Emotion recognition from facial expressions is a highly demanding task, especially in everyday life scenarios. Different sources of artifacts have to be considered in order to successfully extract the intended emotional nuances of the face. The exact and robust detection and orientation of faces impeded by occlusions, inhomogeneous lighting and fast movements is only one difficulty. Another one is the question of selecting suitable features for the application at hand. In the literature, a vast body of different visual features grouped into dynamic, spatial and textural families, has been proposed.

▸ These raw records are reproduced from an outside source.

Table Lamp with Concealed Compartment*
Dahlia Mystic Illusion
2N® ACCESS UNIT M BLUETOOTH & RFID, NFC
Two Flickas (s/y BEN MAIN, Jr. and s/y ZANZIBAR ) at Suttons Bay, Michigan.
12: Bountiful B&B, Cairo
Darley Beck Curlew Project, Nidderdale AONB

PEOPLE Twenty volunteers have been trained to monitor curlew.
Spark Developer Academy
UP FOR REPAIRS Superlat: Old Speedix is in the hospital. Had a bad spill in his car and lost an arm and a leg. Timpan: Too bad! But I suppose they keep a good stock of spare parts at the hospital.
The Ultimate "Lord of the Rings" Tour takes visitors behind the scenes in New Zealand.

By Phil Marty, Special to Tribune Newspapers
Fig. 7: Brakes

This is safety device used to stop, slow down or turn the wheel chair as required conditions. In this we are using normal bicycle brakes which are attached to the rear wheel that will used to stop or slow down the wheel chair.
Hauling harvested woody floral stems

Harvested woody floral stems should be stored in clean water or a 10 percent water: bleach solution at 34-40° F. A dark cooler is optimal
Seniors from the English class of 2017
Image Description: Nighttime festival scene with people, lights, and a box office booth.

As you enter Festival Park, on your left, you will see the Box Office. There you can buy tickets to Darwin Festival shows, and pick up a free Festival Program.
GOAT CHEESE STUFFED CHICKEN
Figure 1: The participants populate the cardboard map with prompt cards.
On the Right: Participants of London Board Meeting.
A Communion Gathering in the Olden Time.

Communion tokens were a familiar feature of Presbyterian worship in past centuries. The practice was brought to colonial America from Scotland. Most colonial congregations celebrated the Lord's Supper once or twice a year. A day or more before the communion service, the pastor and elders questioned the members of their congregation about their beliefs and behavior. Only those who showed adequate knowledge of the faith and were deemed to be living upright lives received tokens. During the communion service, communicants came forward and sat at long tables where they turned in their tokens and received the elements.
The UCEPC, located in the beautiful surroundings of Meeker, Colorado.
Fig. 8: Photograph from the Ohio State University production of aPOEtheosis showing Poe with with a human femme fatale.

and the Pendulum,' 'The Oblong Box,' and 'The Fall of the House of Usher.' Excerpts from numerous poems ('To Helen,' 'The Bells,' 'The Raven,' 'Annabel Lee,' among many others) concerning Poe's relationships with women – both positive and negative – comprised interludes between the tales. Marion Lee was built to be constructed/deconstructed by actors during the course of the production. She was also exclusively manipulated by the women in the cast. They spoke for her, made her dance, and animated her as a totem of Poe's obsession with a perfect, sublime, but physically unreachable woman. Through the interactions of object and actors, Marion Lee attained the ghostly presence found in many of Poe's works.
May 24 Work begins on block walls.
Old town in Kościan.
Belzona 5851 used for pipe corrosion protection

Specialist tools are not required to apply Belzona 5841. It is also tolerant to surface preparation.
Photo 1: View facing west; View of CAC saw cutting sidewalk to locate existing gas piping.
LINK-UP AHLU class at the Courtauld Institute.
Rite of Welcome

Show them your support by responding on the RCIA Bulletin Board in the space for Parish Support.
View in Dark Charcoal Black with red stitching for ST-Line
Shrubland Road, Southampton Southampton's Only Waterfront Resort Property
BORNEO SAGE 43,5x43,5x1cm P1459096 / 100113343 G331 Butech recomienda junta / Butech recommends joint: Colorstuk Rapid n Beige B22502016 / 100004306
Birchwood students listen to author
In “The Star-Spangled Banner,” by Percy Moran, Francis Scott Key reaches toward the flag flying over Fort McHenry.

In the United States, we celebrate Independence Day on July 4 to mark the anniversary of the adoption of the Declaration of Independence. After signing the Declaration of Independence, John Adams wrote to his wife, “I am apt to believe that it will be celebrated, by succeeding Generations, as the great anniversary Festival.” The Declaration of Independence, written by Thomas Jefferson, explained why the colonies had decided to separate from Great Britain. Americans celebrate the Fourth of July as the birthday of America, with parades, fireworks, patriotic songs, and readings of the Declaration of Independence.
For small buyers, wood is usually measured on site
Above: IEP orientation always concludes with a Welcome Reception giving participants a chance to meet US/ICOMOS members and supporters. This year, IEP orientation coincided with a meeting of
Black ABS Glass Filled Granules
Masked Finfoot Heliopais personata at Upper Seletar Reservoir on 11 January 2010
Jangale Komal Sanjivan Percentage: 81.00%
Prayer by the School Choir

These features exhibit different advantages/disadvantages over each other due to their inherent structure, and thus capture complementary information, which is a promising vantage point for fusion architectures. To combine different feature sets and exploit their respective advantages, an adaptive multilevel fusion architecture is proposed. The cascaded approach integrates information on different levels and time scales using artificial neural networks for adaptive weighting of propagated intermediate results. The performance of the proposed architecture is analysed on the GEMEP-FERA corpus as well as on a novel dataset obtained from an unconstrained, spontaneuous human-computer interaction scenario. The obtained performance is superior to single channels and basic fusion techniques.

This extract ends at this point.